[What you should do]
Starting at the first line of the listing below, repeat each line exactly until the line containing "Peko Dapčević: „Politiku", which you include. Leave out pictures.

○ ○ ○ ○

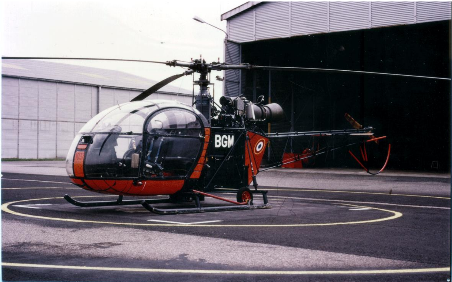
Alouette II n°1037/BGM, de l'ES.ALAT, à Dax.
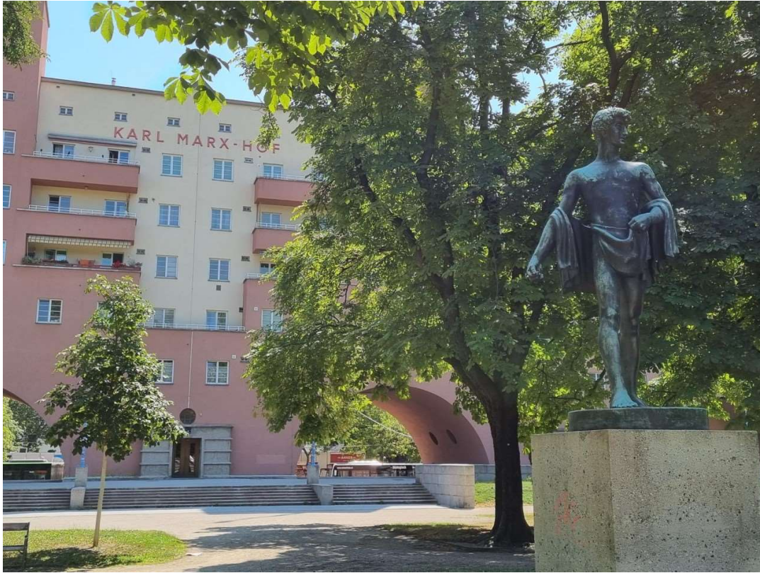
Ffigur 1: Cwrt mewnol Karl-Marx-Hof
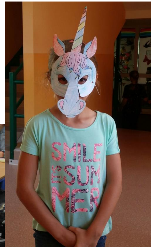
Děti si mohly vyrobit zvířecí masky.
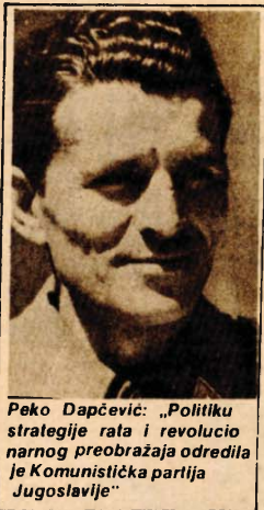
Peko Dapčević: „Politiku strategije rata i revolucionarnog preobražaja odredila je Komunistička partija Jugoslavije“

● Treba istaći naše opredjeljenje da na jugoslovenskom prostoru vodimo narodnooslobodilački-revolucionarni rat, a ne pokret otpora, da pobjedu izvojujemo vlastitim snagama, da stvorimo neophodne vojne i političke pretpostavke za prisvajanje vanje matici zemlji jugoslovenskih teritorija
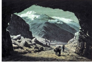
Panorama Suizo / Agosto de 2016 / NP4

Una ilustración romántica del Urnerloch, el primer túnel carretero de los Alpes.
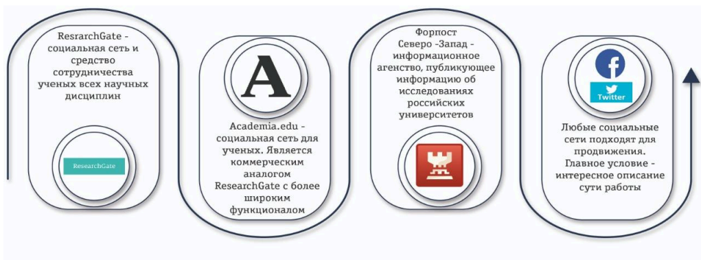
Рисунок 8. Основные инструменты для продвижения научных публикаций

Ежегодно публикуется более 2,5 миллионов научных статей, и это число постоянно растет. Поэтому для авторов становится все более важным найти способы выделить свою статью. В век социальных сетей, онлайн сетей и масштабного распространения информации у авторов существует огромное разнообразие возможностей (рис. 8) для широкого продвижения своих опубликованных исследований среди коллег, СМИ и широкой общественности. Можно сформулировать несколько основных рекомендаций:
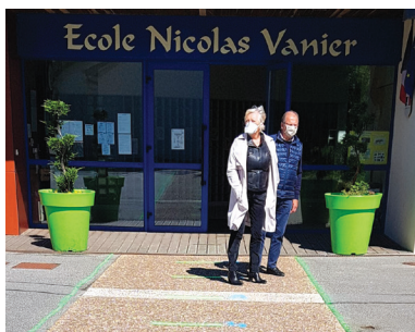
ALLOUVILLE - BELLEFOSSE Covid-19 Découverte du dispositif sanitaire mis en place pour la réouverture de l'école
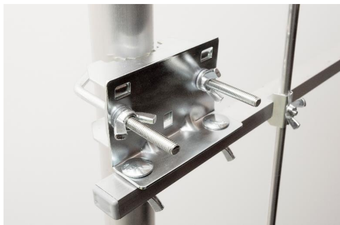
Uchwyt polaryzacja pionowa
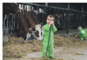
Kalverhouderij VOF- Groen
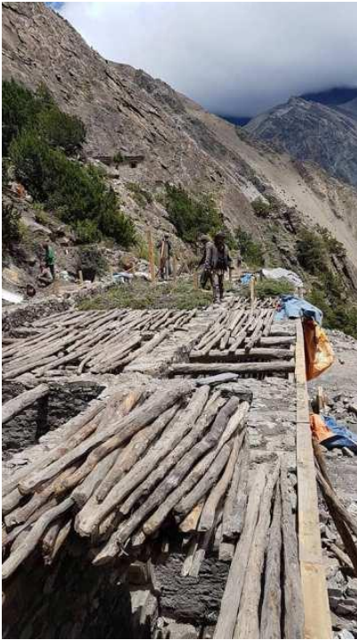
需要的木材準備好
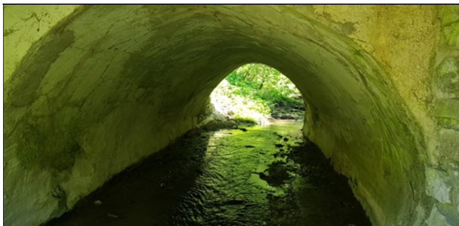
NK původní části - omítnutá cihelná klenba
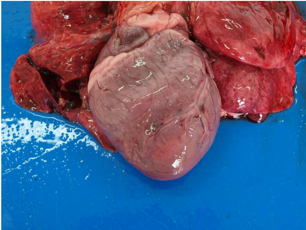
Slika 2. Pas, srce; dilatativna kardiomiopatija
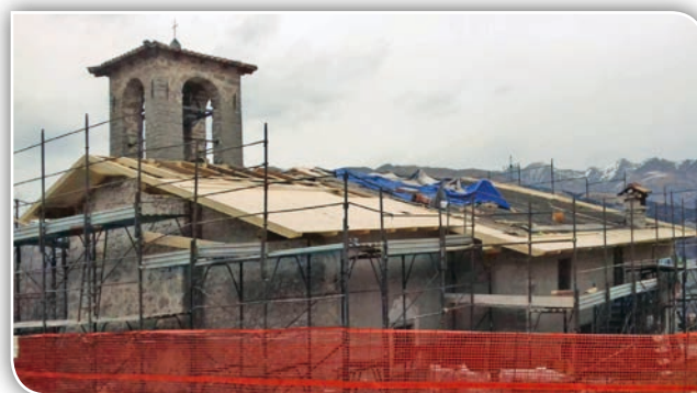
Visione dei restauri in corso alla chiesetta di Barbata.
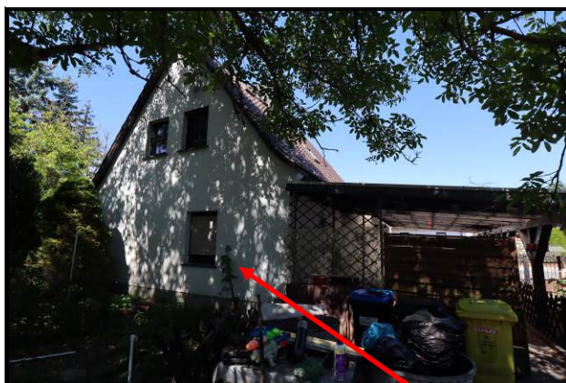
Südansicht des Bewertungsobjekts; provisorische Wasser- und Stromleitung
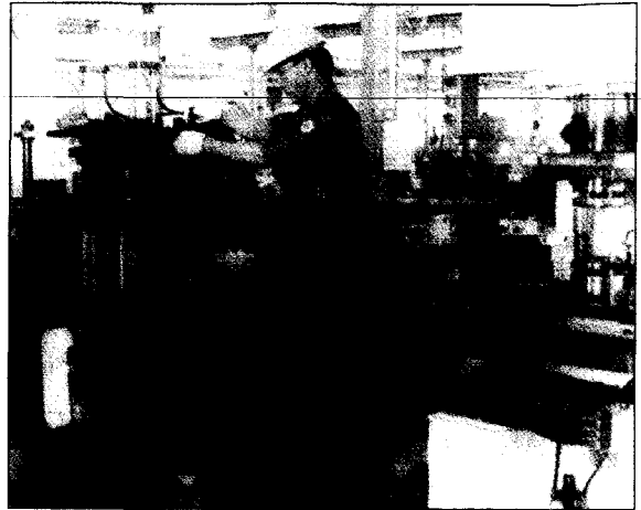
▲ 생산공장 내부 전경

마지막으로 도적으로 건강한 정신을 가지기를 바랍니다. 한탕주의를 쫓아 주식이나 도박으로 돈을 벌자는 생각은 위험하고 버려야 합니다. 그래서 개인이 발전하고 회사가 발전하고 나아가 사회가 발전하는 것입니다.

○ ○ ○ ○

[Exercise output]
Alouette II n°1037/BGM, de l'ES.ALAT, à Dax.
Ffigur 1: Cwrt mewnol Karl-Marx-Hof
Děti si mohly vyrobit zvířecí masky.
Peko Dapčević: „Politiku strategije rata i revolucionarnog preobražaja odredila je Komunistička partija Jugoslavije“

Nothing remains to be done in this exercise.